People power

friendshipReview by Julie Perrin and Andy Calder

Book | The Power of Friendship, the Open House story  | Digby Hannah

FROM its beginnings in 1971, Open House Ivanhoe – and now Open House MacLeod – has taken on the characteristics of a  social movement.

Based on research and interviews, author Digby Hannah has compiled the stories and images that make up this compact yet abundant book. Hannah’s experience as a youth worker, teacher, editor, pastoral minister and songwriter make him well placed to write about this remarkable community.

Instigated by a passionate church youth leader, George Farrington, Open House became an independent community operating out of a shopfront near Ivanhoe Town Hall, complete with ‘the obligatory pool table.’ Funded by donations, the heavy lifting was done by a range of volunteers Farrington referred to as the ‘motley crew’.

Initially, Farrington was employed by St James Anglican Church, but Open House was soon independent and interdenominational, including Uniting Church members.

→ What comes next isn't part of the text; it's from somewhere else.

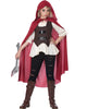 This Red Riding Hood Deluxe Girls Costume is a dark twist on the classic fairytale look. This costume comes with a black lace trimmed hooded cloak and an intricately patterned red and black dress with a lace up front panel. Perfect for Halloween!
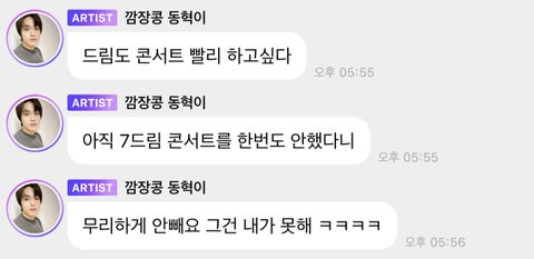 어제 동혀기 버블 5분뒤에 드림애들한테 혼난다고 했는데

Today, Open House inhabits the previous site of the MacLeod Uniting Church and manse and maintains its Christian identity. As Farrington said, “The volunteers are not there to convert people…It is a friendship model based on God’s grace with no strings attached.”

Hannah addresses some of the theology underlying the Open House approach of respecting people who have been marginalised.

It adopted the biblical passages in Matthew 25 and 28 (where Jesus challenges his followers to leave their comfortable places, respond to those in need and make disciples) as its foundation.  The teaching of Athol Gill’s Life on the Road and Kraybill’s Upside Down Kingdom also influenced Open House. Hannah is familiar with the theology, the era, the joys as well as the costs of this approach.

Open House never became an agency, it exists with minimal government funding and refuses to compartmentalise services. The community was – and is – based on reciprocal friendship rather than the implicit separations of professional practitioners and clients. In this way, Open House diverges from and speaks into the familiar scenario where church agencies are now fields of professional social work practice.

Throughout the last 45 years, Open House has offered programs including drop in centres, live-in accommodation, a plant nursery at Hurstbridge, numerous camps, weekly clubs, cricket and football matches and billycart-building workshops. It engages with people experiencing mental health issues, alcoholism, social and emotional issues arising out of fractured family life, family violence, poverty and disability. People are not siphoned off into silos according to need, but are seen as co-participants in the community.

Over the long haul, participants are companioned in the slow changes of daily life that can open into transformation. To this day George Farrington holds that the ‘motley crew’ approach works best within this friendship model.

“Life is messy and sometimes the most unlikely connections bear fruit as turning points in people’s lives,” Farrington said.

A letter from a previous participant says, “As we sipped coffee or played pool we heard no lectures or sermons just felt warmth, compassion, understanding and caring – from people who were comfortable in their positions, not proving anything to anyone, allowing us to follow by example.”

Surprising volunteers pop up in the story, like the mayor of Ivanhoe who called by at the drop-in centre and became the long term architectural consultant to Open House. The women in this story sound extraordinary, many of them with four or five children of their own – including the beloved ‘Ma C’ who oversaw the live-in accommodation. They’ve volunteered for years at a time or supported their partners to do the same.

Since Farrington’s early long-term leadership, Open House has been directed by Ross Oldmeadow and now Paul Burgess. Hannah examines the limitations and the strengths of the Open House approach with the hope that the holistic model of the ‘motley crew’ may still have something to offer in this era of increasing specialisation. He hopes to illustrate the surprise factor “…when unequal relationships become mutual friendships – when people who have imagined themselves as helpers or benefactors realise they are also ‘the helped’.”

The book is available for $20 at www.openhousecic.org.au 

Rev (Deacon) Andy Calder is the Disability Inclusion Advocate with the Vic/Tas synod.

Julie Perrin is a writer and oral storyteller.